Michał Koszarek - tuczarnia przynosi mu zyski [ZDJĘCIA]
Lepsza wydajność i większe przyrosty importowanego warchlaka
Początkowo hodowca kupował prosiaki polskie. „Duńczyk” go jednak przekonał lepszą wydajnością, większym przyrostem paszy i... niższą ceną. Wyjaśnia, iż są często przypadki, gdy prosię z polskiej fermy jest droższe, niż sprowadzane.
- Mam kolegę, który ma ponad tysiąc loch i od niego brałem materiał hodowlany. Niestety nie dogadaliśmy się cenowo, bo za dużo chciał. Ostatnio cena była porównywalna z warchlakiem importowanym. Jest to naprawdę dziwne, bo przecież pośrednik duński musi pokryć koszty transportu, to jest około 15-16 zł na sztuce i pobrać prowizję, czyli 5-10 zł. Gdy był kryzys z prosiakiem w Danii, polscy producenci prosiąt doili równo - stwierdza Michał Koszarek.
Czytaj także: Żywienie płynne świń - żywienie na mokro. Warto?
Cena warchlaka zależna od ceny żywca wieprzowego
Obecnie za jednego importowanego warchlaka o wadze 30 kg płaci około 260 zł netto. Cena ta jest ściśle powiązana ze stawką proponowaną za tucznika. - Jeśli idzie w górę cena tucznika, automatycznie Dania podnosi cenę warchlaka. Nie dadzą nam za dużo zarobić - komentuje hodowca z Sędziwojewa.
Odbiorcę towaru rolnik ma od wielu lat stałego. Jest to firma Jutar z Łagiewnik Kościelnych koło Gniezna. - Co prawda fakturowanie sprzedaży idzie przez grupę producentów, do której należę, ale ceny wynegocjowałem z nimi osobiście już jakiś czas temu i jestem zadowolony. Nasza grupa akurat nie współpracuje z tym zakładem, ja jednak nie chciałem rezygnować ze współpracy z nim i pozostałem jego dostawcą - opowiada Michał Koszarek. Jakie więc korzyści upatruje w przynależności do grupy producenckiej?
- Za niższą cenę mogę kupić koncentrat i w dużych partiach zboże. Przywożą do mnie całymi samochodami towar, który jakościowo jest dobry. Bo kupując od rolników z wolnej ręki, tzw. przyczepkowiczów, można dostać różny materiał. Czasami jest zagrzybiony, są np. mykotoksyny. Poza tym, dzięki grupie mam dostęp do szkoleń - tłumaczy.
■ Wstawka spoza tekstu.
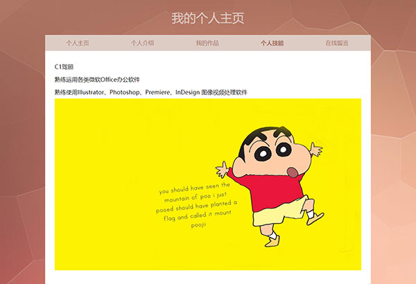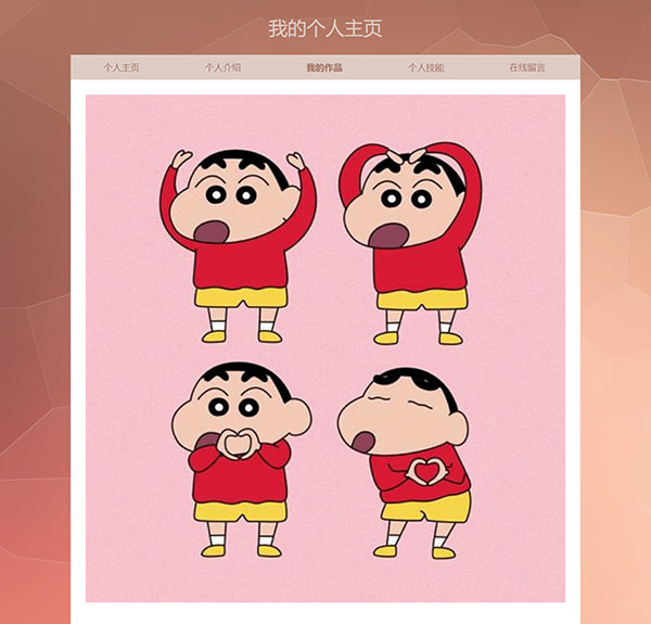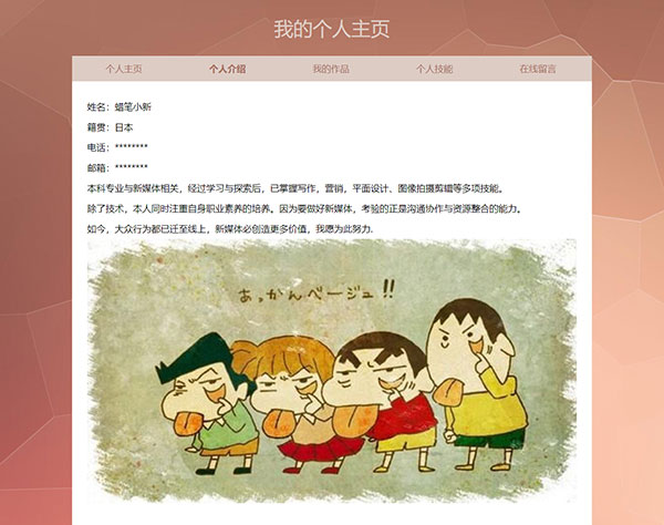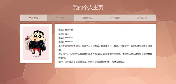 學(xué)生個人主頁網(wǎng)站模板下載 個人簡歷網(wǎng)... ¥20    個人博客網(wǎng)頁 | 抗疫健康網(wǎng)頁 | 保護(hù)動物網(wǎng)頁 | 寵物花草網(wǎng)頁 | 家鄉(xiāng)旅游網(wǎng)頁 | 人物明星網(wǎng)頁 | 節(jié)日環(huán)保網(wǎng)頁 | 影視音樂網(wǎng)頁 | 校園班級網(wǎng)頁 | 動漫游戲網(wǎng)頁 | 文學(xué)文化網(wǎng)頁 | 電子商務(wù)網(wǎng)頁
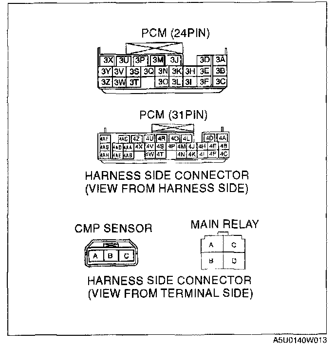 - GND circuit (CMP sensor connector terminal C and PGM connector terminal 4A)
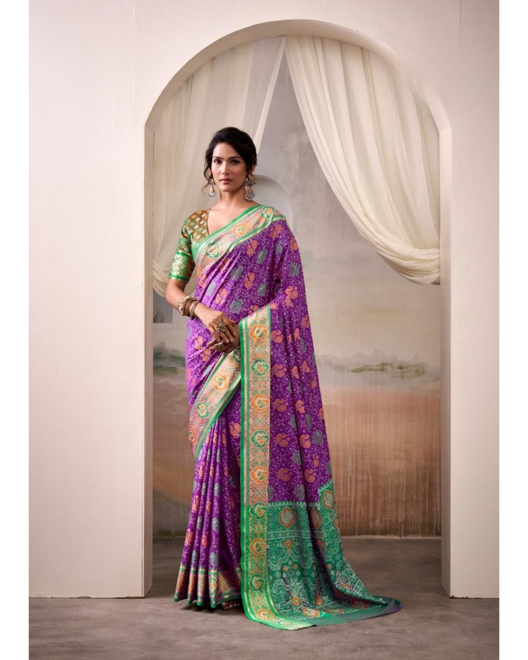 Paired with a contrast green blouse (in a fresh emerald or bottle green shade), the combination creates a breathtaking visual harmony — the cool green pops vividly against the warm purple, enhancing the saree’s intricate weaves while adding a fresh, festive energy. The blouse can be styled with subtle detailing or matching motifs to complement the patola’s heritage patterns perfectly.
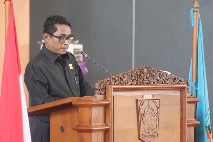 Dharmasraya, Hantaran. Co – Ketua Badan Pembentukan Peraturan Daerah (Bapemperda) DPRD Kabupaten Dharmasraya Pasdisata Dt Kabilangan,A.Md sampaikan Nota Penjelasan DPRD terkait 2 (dua) Rancangan Peraturan Daerah (Ranperda) Inisiatif DPRD dalam Rapat Paripurna yang dipimpin oleh Wakil Ketua I DPRD Kabupaten Dharmasraya Sujito serta didampingi Wakil Ketua II DPRD Ade Sudarman,S.Pd, selain itu turut hadir Bupati Dharmasraya yang diwakili oleh Sekretaris Daerah H. Adlisman,S.Sos,M.Si di Ruang Rapat Utama DPRD Kabupaten Dharmasraya. Senin,(25/11/2024).

Konieczny nowy duży magazyn zbożowy
Nic w tym dziwnego, że rolnik z Sędziwojewa zwraca uwagę na stan zboża, które kupuje. W końcu co roku nabywa go 400 - 500 ton. - Mamy stałych dostawców, większych rolników uprawiających na 40-50 ha. Do tej pory współpracowaliśmy także ze Spółdzielnią Rolniczą w Grzybowie, ale przeszli na zboże konsumpcyjne i rzepak. Z „paszówki” zrezygnowali, dlatego musimy poszukać nowego dostawcy, ale poradzimy sobie z tym - zdradza Michał Koszarek.
Aby przechować takie ilości materiału, trzeba mieć odpowiednio duże pomieszczenia. Dlatego rolnik zdecydował się na budowę z własnych funduszy nowego magazynu z mieszalnią pasz. - Uznałem, że budynki, które mam, są niewystarczające i dlatego po drugiej stronie drogi buduję obiekt. Brakuje magazynu zbożowego. Silosy są o pojemności około 400 ton, to za mało. Gdy zboże jest tańsze i można byłoby je kupić, nie ma gdzie później go magazynować. A po drugie, wielu rolników nie inwestuje w magazyny, dlatego są zmuszeni materiał sprzedać po żniwach - mówi. Obiekt o powierzchni 600 m2 ma być gotowy na wiosnę.